TASK STATEMENT ->
Nothing beyond the line containing "MSI gaminglaptop med" is to be printed; print exactly each line from the start of the records below through that line, leaving out pictures.

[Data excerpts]
:::::

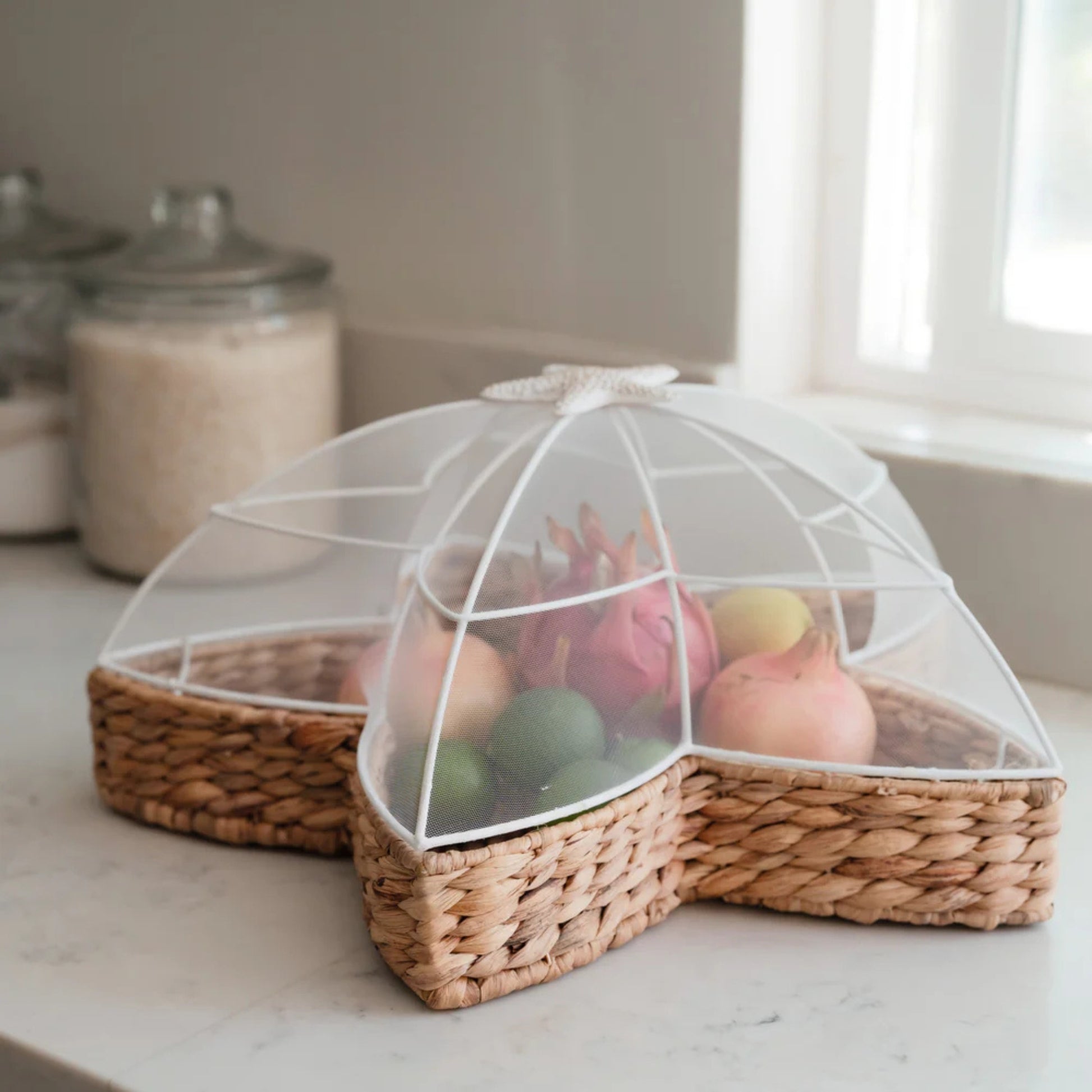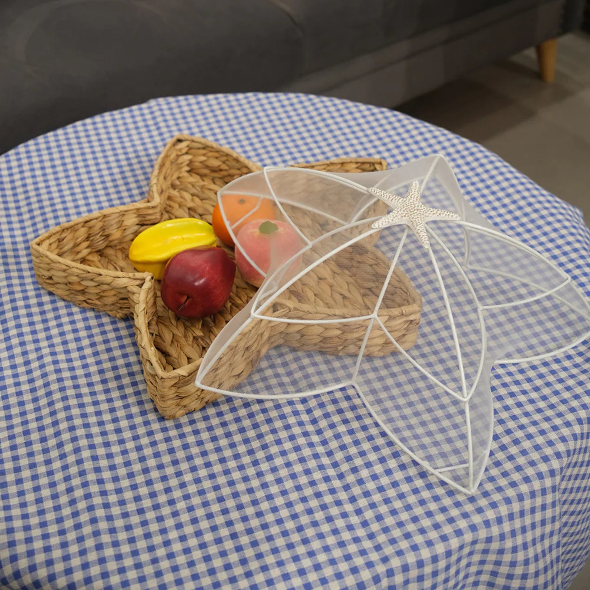 Handwoven Water Hyacinth Star Tray with Mesh Food Cover
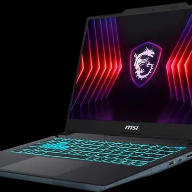 MSI gaminglaptop med RGB-belysning på tangentbord och kylplatta. Laptoppen har en svart design och är utrustad för spelanvändning med avancerad kylning för att hantera hög prestanda.
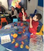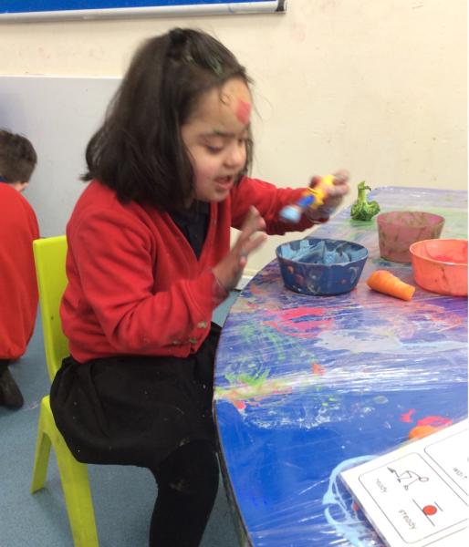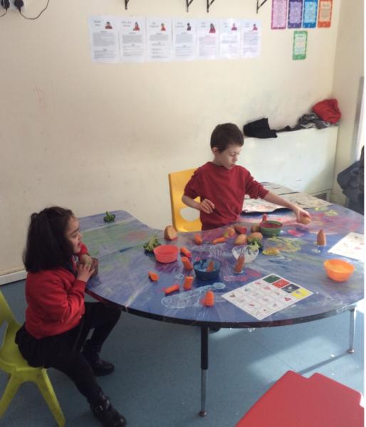 The children experimented with different vegetables like sweet potatoes and broccoli, discovering the unique textures and patterns each one could make. They then used their creations to decorate our cling film and foil-covered tables, turning our classroom into a gallery of edible art.
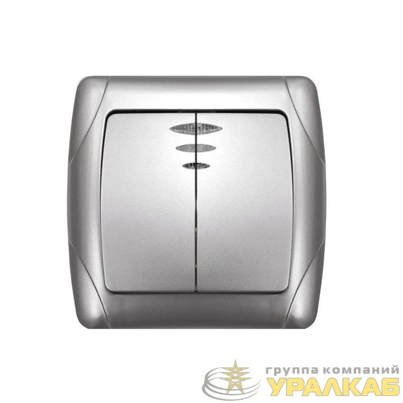 М0123-S - Выключатель 2-кл. СП Маргарита 10А IP20 с подсветкой серебр. UNIVersal
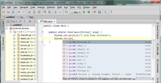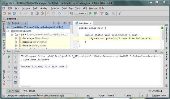 Once you are done, you will be taken to the IntelliJ IDEA Community Edition’s main window where you will get the powerful editor and other tools to easily code and test your programs. The editor supports features like code completion, code assistance, and spell checking, and intelligently understands you code to provide you the right set of tools for application development.
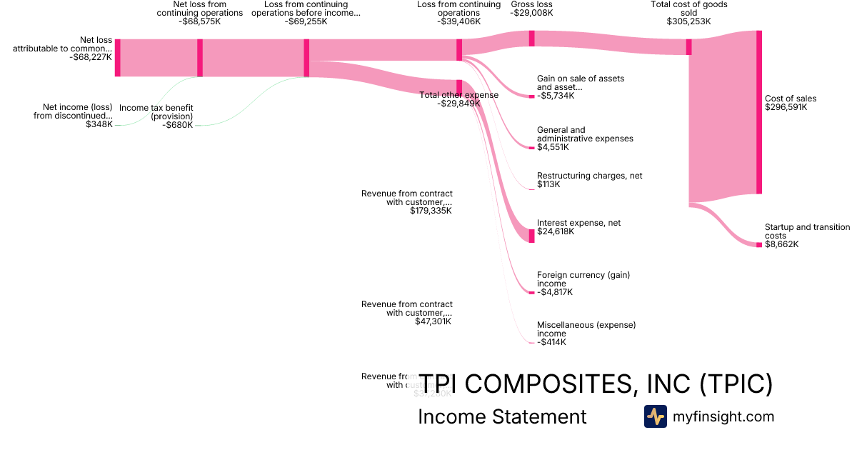 For the quarter ending 2025-06-30, TPIC made $276,245K in revenue. -$68,227K in net income. Net profit margin of -24.70%.
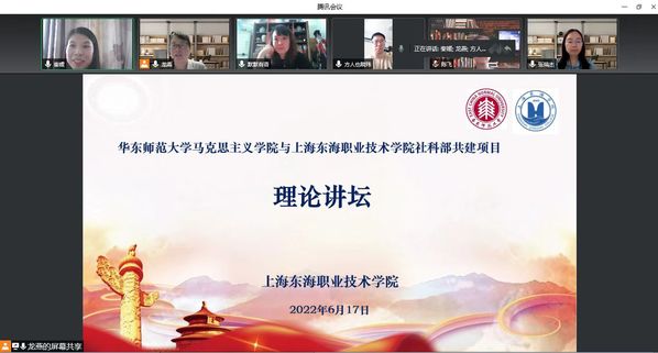 疫情刚过,我校社科部和华东师范大学马克思主义院公民共建的项目在线上云端紧锣密鼓地深入推进,启动“理论讲坛”活动。6月17日,社科部邀请到华师大马克思主义院速继明教授开展题为《在新的历史起点学习十九届六中全会精神》的讲座,社科部主任龙燕主持,全体教师参会。

:::::

ANSWER ->
 Handwoven Water Hyacinth Star Tray with Mesh Food Cover
 MSI gaminglaptop med RGB-belysning på tangentbord och kylplatta. Laptoppen har en svart design och är utrustad för spelanvändning med avancerad kylning för att hantera hög prestanda.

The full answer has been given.